§ **Dataset section**:

= Beginning of Section =

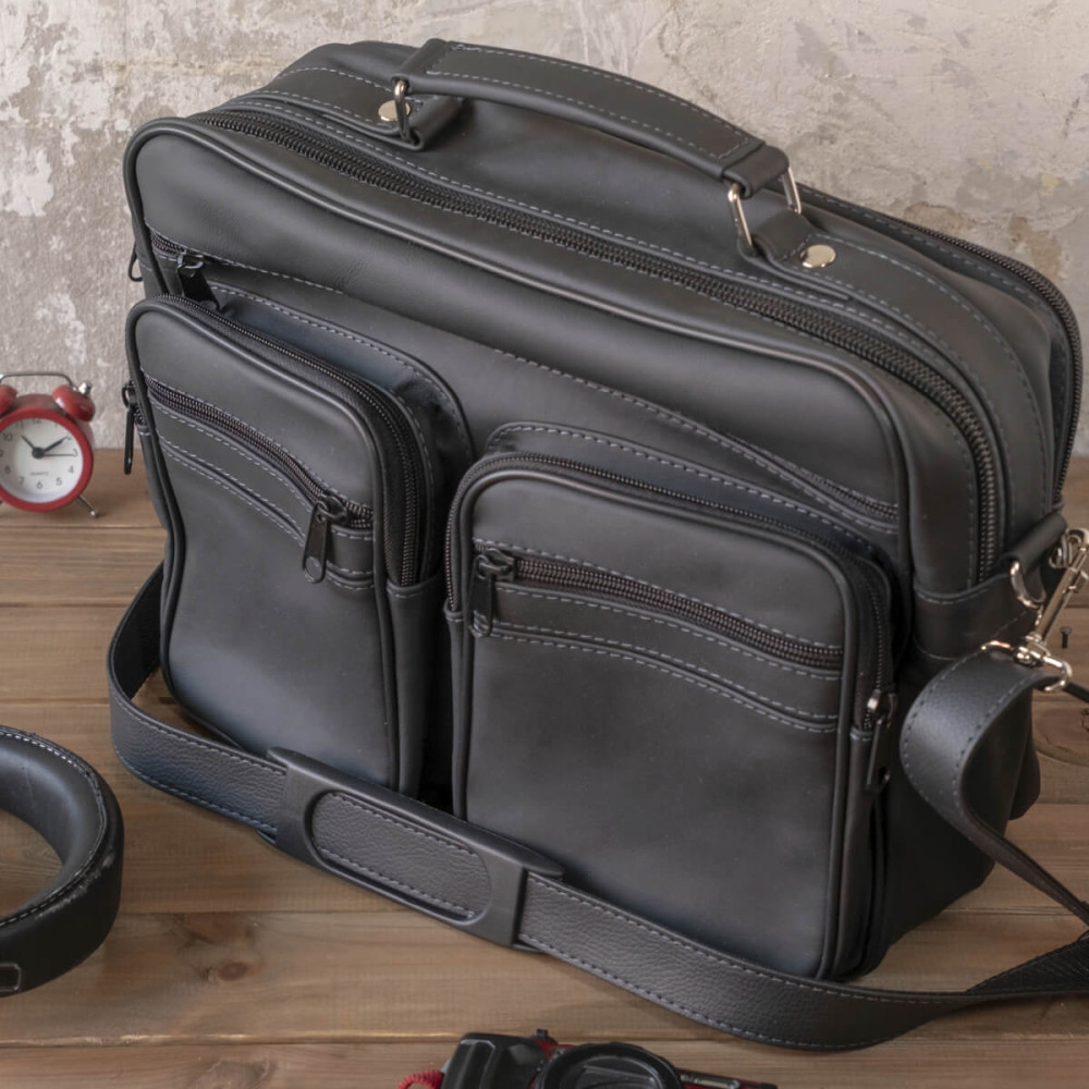 Duża Czarna Torba do Pracy Męska Skóra Naturalna z Kieszeniami Nord13
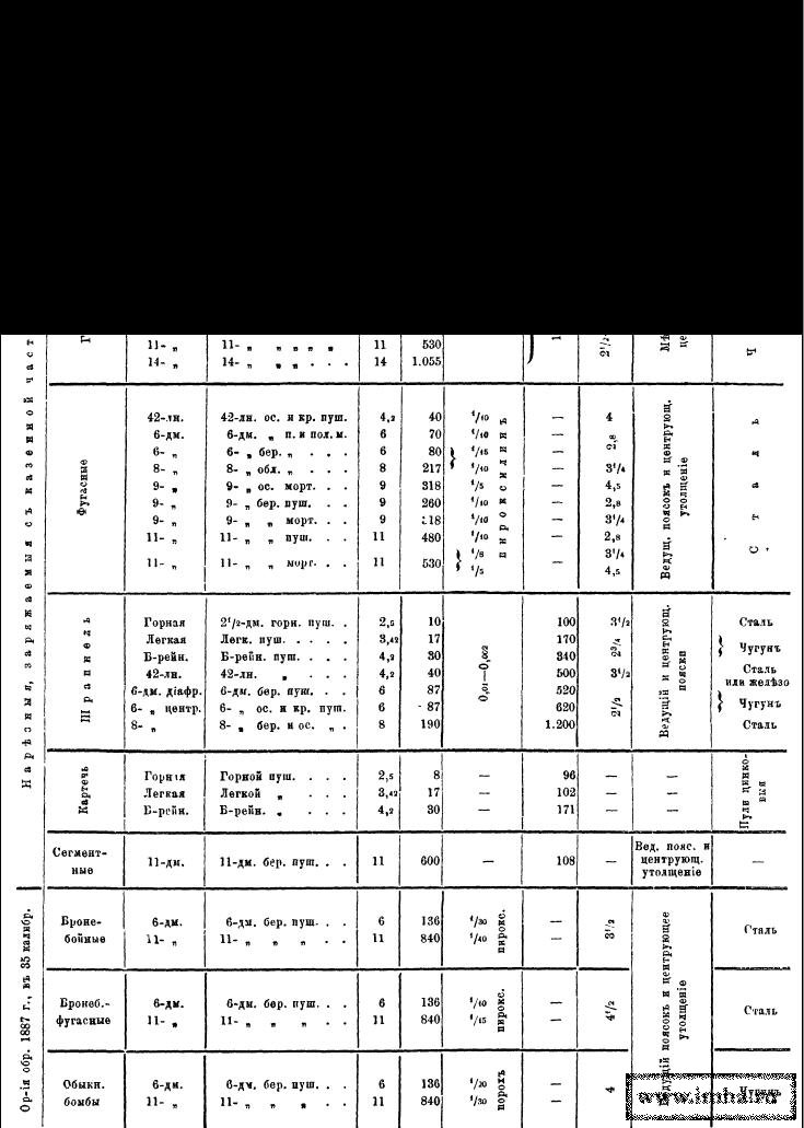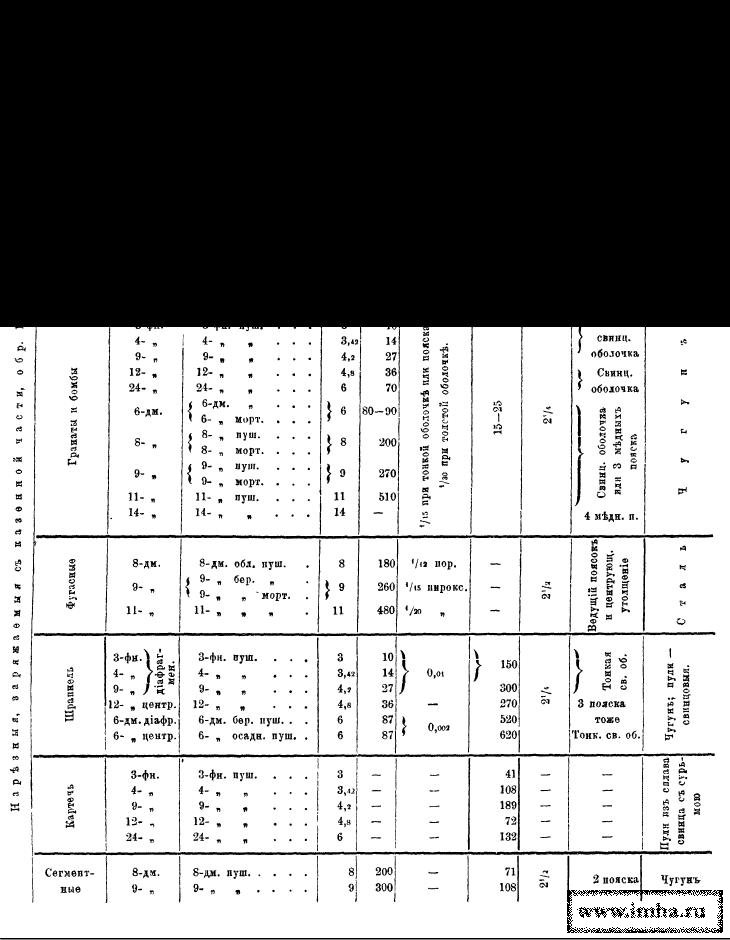 г) картечные гранаты, т. е. если обыкновенная граната наполнена пулями, а промежутки между ними – порохом; Снаряды эти употреблялись по экономическим соображениям и не изготовлялись.
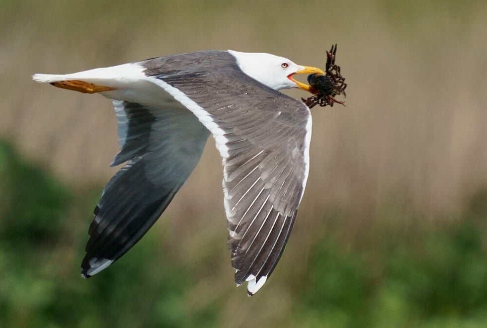 -Kieviet neemt het zekere voor het onzekere en verjaagd een Kleine Mantelmeeuw

= End of Section =

§ **About this exercise**: Pictures must not appear in the copy, which must otherwise match the listing exactly.

§ **Written solution**:
 Duża Czarna Torba do Pracy Męska Skóra Naturalna z Kieszeniami Nord13
 г) картечные гранаты, т. е. если обыкновенная граната наполнена пулями, а промежутки между ними – порохом; Снаряды эти употреблялись по экономическим соображениям и не изготовлялись.
 -Kieviet neemt het zekere voor het onzekere en verjaagd een Kleine Mantelmeeuw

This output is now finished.